New videos from the Spring 2011 CNI Membership Meeting have been added to CNI's channels on YouTube and Vimeo, including:

  • "Memento: Giant Leaps Towards Seamless Navigation of the Past Web," presented by Robert Sanderson of Los Alamos National Laboratory

  • The University of Calgary's "Creating a Comprehensive Technology Model for a Converged Library, Archive, Art, and Publishing Facility"

  • "Data Management Plans Online," by Todd Grappone of UCLA and Patricia Cruse of the California Digital Library

Podcast interviews with key attendees and presenters at the Spring 2011 CNI Membership Meeting are now available on the EDUCAUSE website.

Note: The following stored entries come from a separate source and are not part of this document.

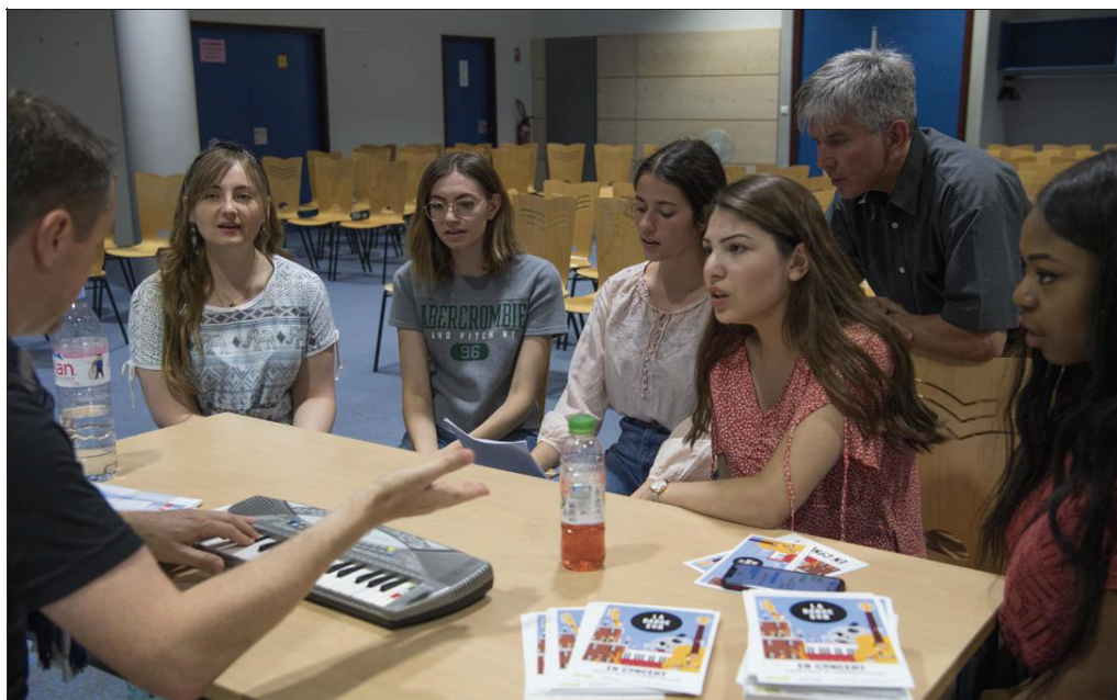
La Bande Son en répétition pour préparer leur passage place Kléber.
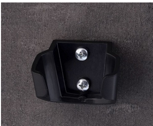
B2902039 Holder S ASA (UL 94 HB) black RAL 9005
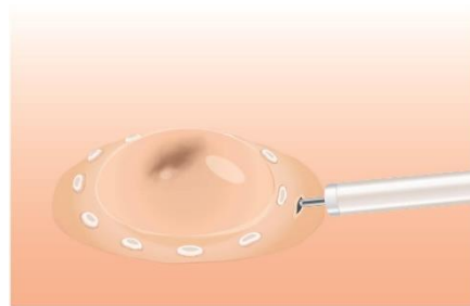
右：プレカット イメージ図
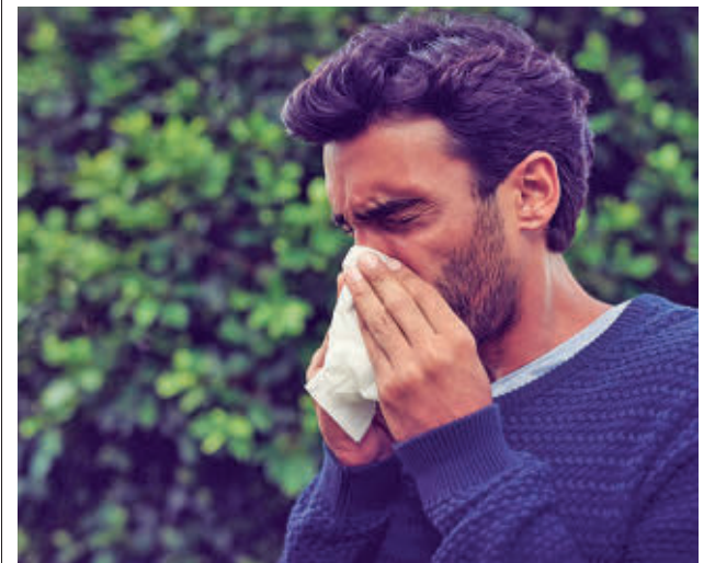
El Gobierno regional se prepara para las alergias
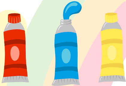
Rouge Bleu Jaune
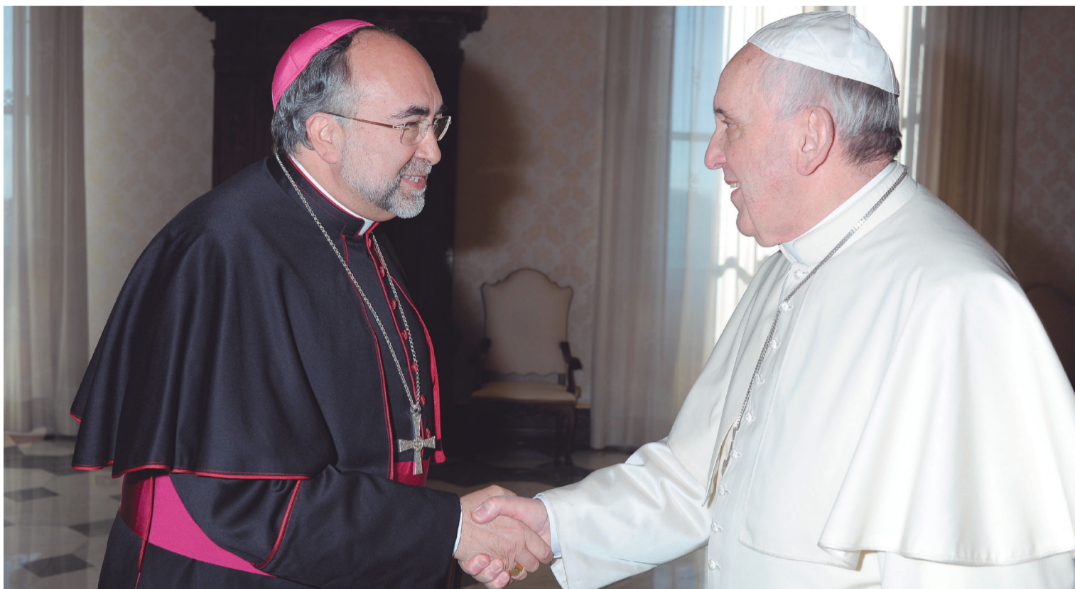
El Papa Francisco saluda al Arzobispo de Oviedo al comienzo de la entrevista que tuvieron el pasado lunes.
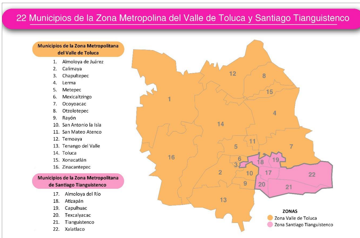
Figura 2. Distribución de la ZMVT Y ZMST
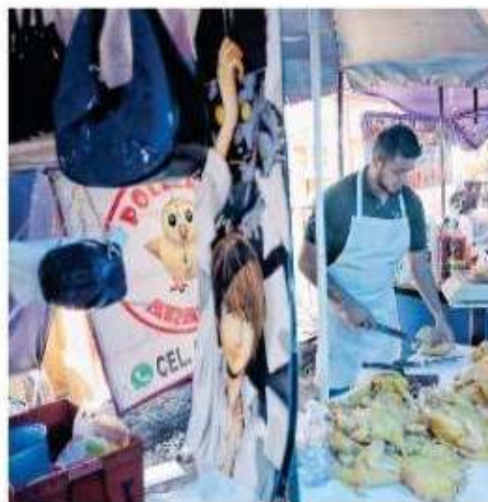
El monto de pago varía por la zona en la que ofrecen sus mercancías.
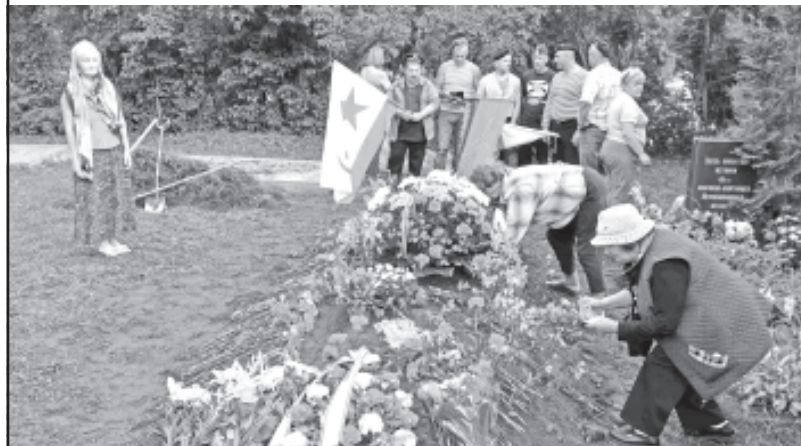
Puhake rahu!
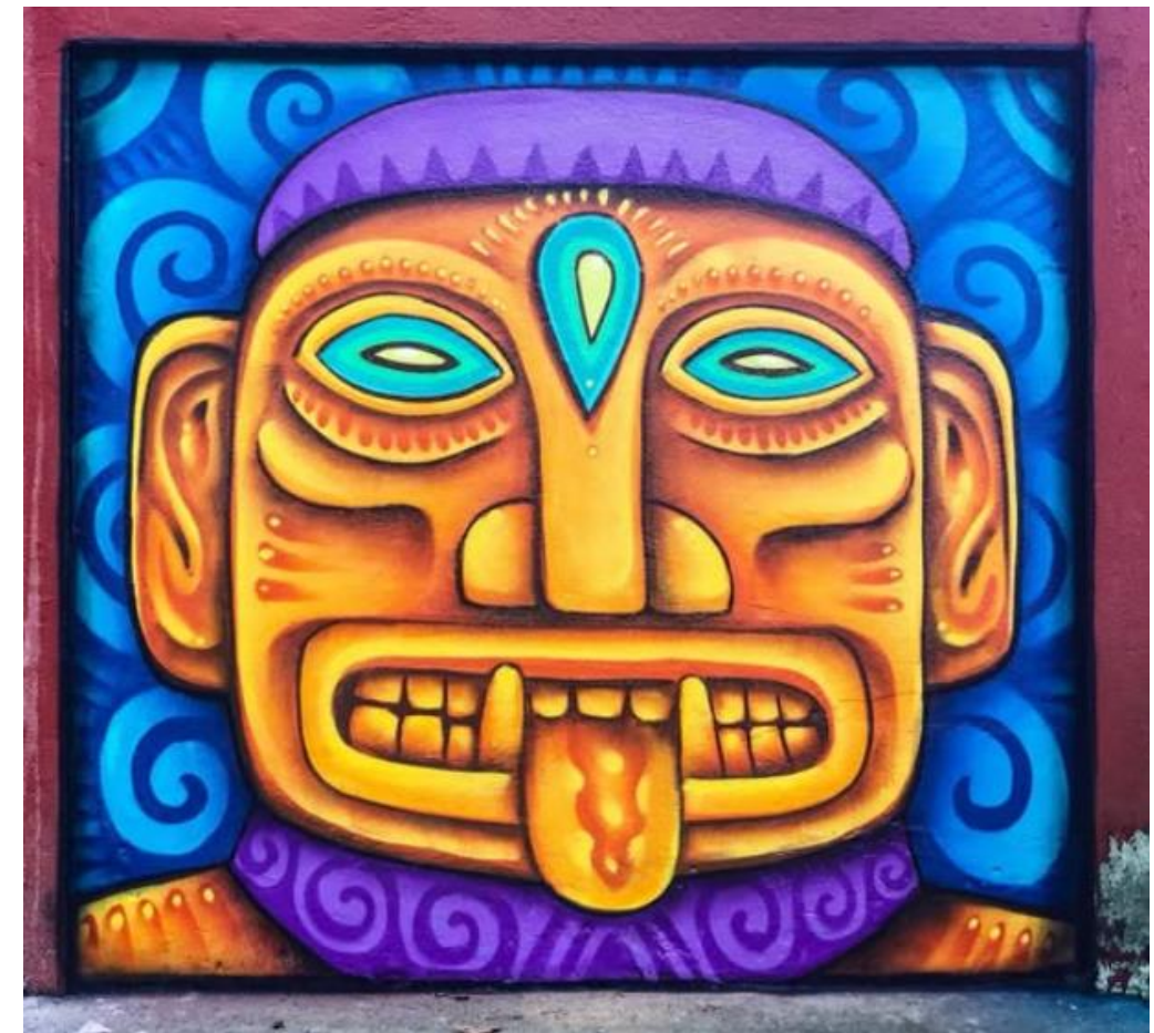
“Sibö”: Deidad Bribri

Deidades y espíritus: Las deidades y los espíritus estaban relacionados con aspectos naturales y cósmicos. Por ejemplo, los Bribri adoraban a deidades asociadas con la naturaleza, como el dios del fuego y el dios de la lluvia.

In two June CNI Conversations podcasts Clifford Lynch and Joan Lippincott discuss the Digging into Data conference, persistent identifiers, crowdsourcing and data, the future of academic libraries, national approaches to digital preservation, and more. See http://conversations.cni.org/.

CNI at ALA: Clifford Lynch will present the keynote address for the OCLC symposium, “The Infinite Collection: Resources in the Digital Age,” on Friday, June 24. Clifford will also be on LITA's Top Tech Trends Panel on Sunday, June 26.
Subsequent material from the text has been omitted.